- [What you are asked to do]:
A word-for-word copy of the listing is what's needed; leave out every image.

- [Input data]:

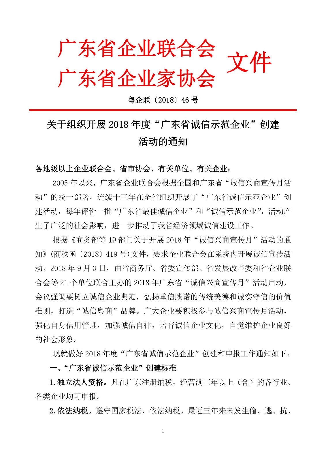 关于组织开展2018年度“广东省诚信示范企业”创建 活动的通知
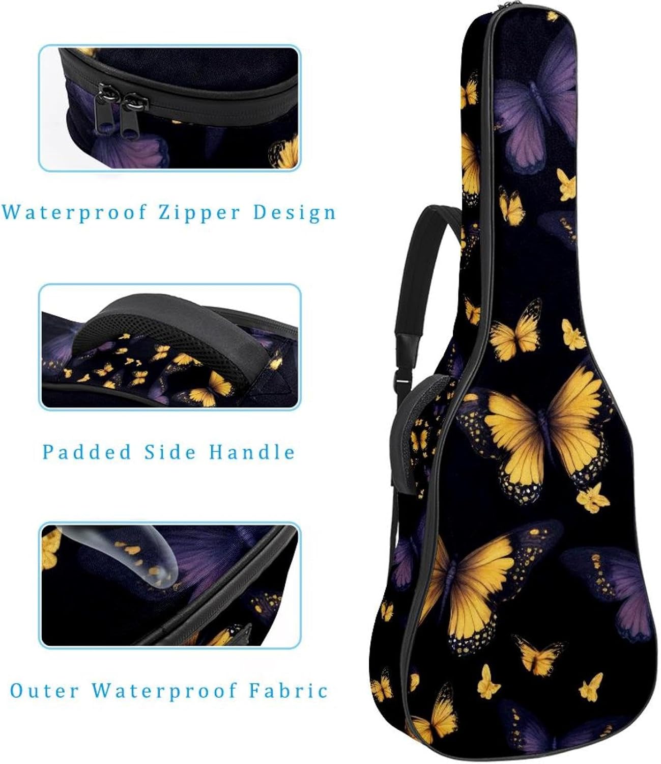 Give your valuable guitar the premium protection it deserves. Our Cute Printed Guitar Gig Bag is engineered for the modern musician who demands both security and convenience. Whether you're heading to a gig, a practice session, or on a short trip, this bag ensures your instrument arrives in perfect condition, ready to play.Constructed from durable, waterproof Oxford cloth, this bag stands up to the elements and the test of time. The interior is a sanctuary for your guitar, featuring ultra-thick padded sidewalls and a soft, anti-scratch lining that cradles your instrument, preventing scratches and damage. The heavy-duty rubber base acts as a shield against everyday bumps and allows for stable placement on any surface.Organization is effortless with multiple dedicated compartments. Two main storage pockets keep all your essential accessories—like a foldable music stand, tuner, picks, cables, and extra strings—neatly sorted and easily accessible. Never fumble for your tablet or sheet music again; the specially designed back pocket keeps them safe and separate.For a perfect, secure fit, the adjustable neck support and internal Velcro strap ensure your guitar does not shift around inside the bag, providing peace of mind with every carry.Care Instructions: To preserve the quality and appearance of your gig bag, please do not machine wash. Simply wipe clean with a damp cloth to remove any dirt or stains.
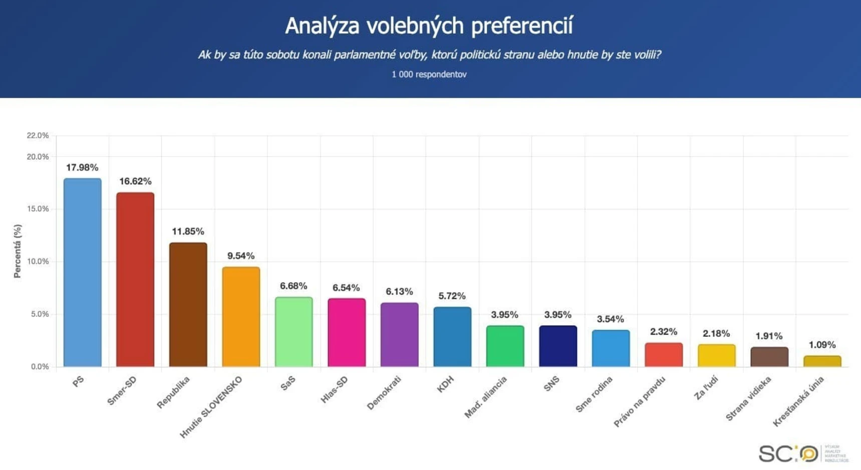 Progresívne Slovensko by aktuálne získalo 17,98 percenta hlasov. Oproti januáru tak stratilo viac ako štyri percentuálne body. Na druhom mieste by skončil Smer-SD so ziskom 16,62 percenta. Tretia priečka patrí hnutiu Republika (11,85 %).

- [Written solution]:
 关于组织开展2018年度“广东省诚信示范企业”创建 活动的通知
 Give your valuable guitar the premium protection it deserves. Our Cute Printed Guitar Gig Bag is engineered for the modern musician who demands both security and convenience. Whether you're heading to a gig, a practice session, or on a short trip, this bag ensures your instrument arrives in perfect condition, ready to play.Constructed from durable, waterproof Oxford cloth, this bag stands up to the elements and the test of time. The interior is a sanctuary for your guitar, featuring ultra-thick padded sidewalls and a soft, anti-scratch lining that cradles your instrument, preventing scratches and damage. The heavy-duty rubber base acts as a shield against everyday bumps and allows for stable placement on any surface.Organization is effortless with multiple dedicated compartments. Two main storage pockets keep all your essential accessories—like a foldable music stand, tuner, picks, cables, and extra strings—neatly sorted and easily accessible. Never fumble for your tablet or sheet music again; the specially designed back pocket keeps them safe and separate.For a perfect, secure fit, the adjustable neck support and internal Velcro strap ensure your guitar does not shift around inside the bag, providing peace of mind with every carry.Care Instructions: To preserve the quality and appearance of your gig bag, please do not machine wash. Simply wipe clean with a damp cloth to remove any dirt or stains.
 Progresívne Slovensko by aktuálne získalo 17,98 percenta hlasov. Oproti januáru tak stratilo viac ako štyri percentuálne body. Na druhom mieste by skončil Smer-SD so ziskom 16,62 percenta. Tretia priečka patrí hnutiu Republika (11,85 %).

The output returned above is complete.